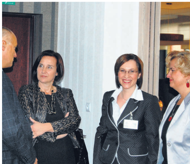
Podczas konferencji rozmawiano m.in. o przyszłości szpitala
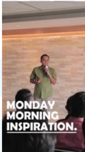
Gambar 2.4 Monday Morning Inspiration
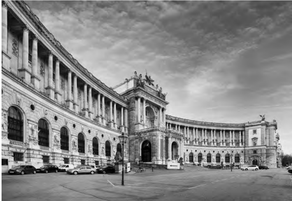
Cisársky palác v komplexe Hofburg

Najväčšou miestnosťou je obrovská hala, ktorá sa v súčasnosti využíva na organizovanie plesov. Pôvodne to malo byť miesto, kde mal sídlieť trón a kráľ tam mal prijímať oficiálne návštevy. Napriek honosným priestorom sa na to táto sála nikdy nevyužívala.
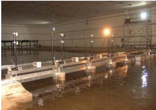
Ein Modell des Ems-Sperrwerkes im Franzius-Institut in Marienwerder.

Mit einer in Deutschland einzigartigen Wellenmaschine können Forscher in Hannover künftig den Hochwasserschutz optimieren.
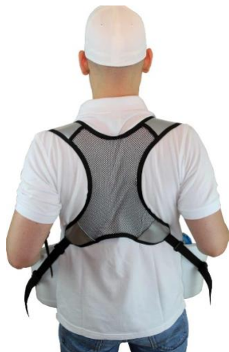
Ergonomique à 4 points bandoulière

Idéal pour les glaces et autres produits surgelés !
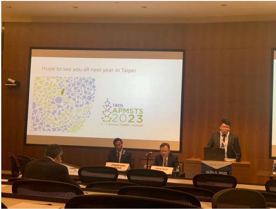
利用演講空檔宣傳明年的亞太骨腫瘤醫學會雙年會
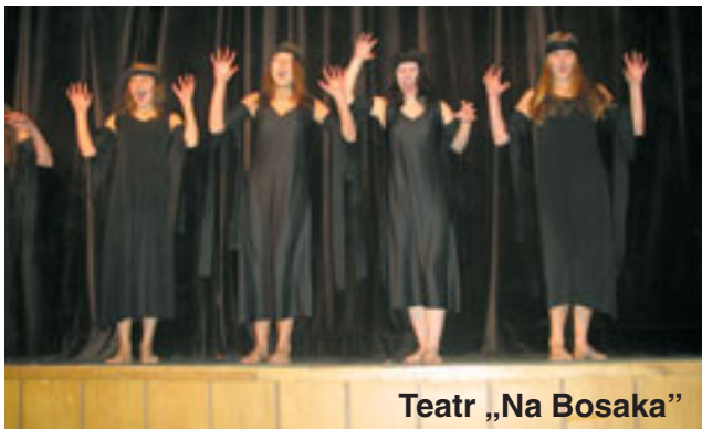
Teatr „Na Bosaka”

min ferii zimowych, teatry miały szansę zaprezentować się na scenie Domu Kultury „Świt” już po tradycyjnym okresie kolędowym.
++++++++++
(INSTRUCTIONS FOR THE TASK) Beginning at the line above that contains "Najväčšou miestnosťou je" and going on through the line that contains "Ein Modell des", please copy every line exactly, leaving the pictures out and adding nothing.

(OUTPUT)
Najväčšou miestnosťou je obrovská hala, ktorá sa v súčasnosti využíva na organizovanie plesov. Pôvodne to malo byť miesto, kde mal sídlieť trón a kráľ tam mal prijímať oficiálne návštevy. Napriek honosným priestorom sa na to táto sála nikdy nevyužívala.
Ein Modell des Ems-Sperrwerkes im Franzius-Institut in Marienwerder.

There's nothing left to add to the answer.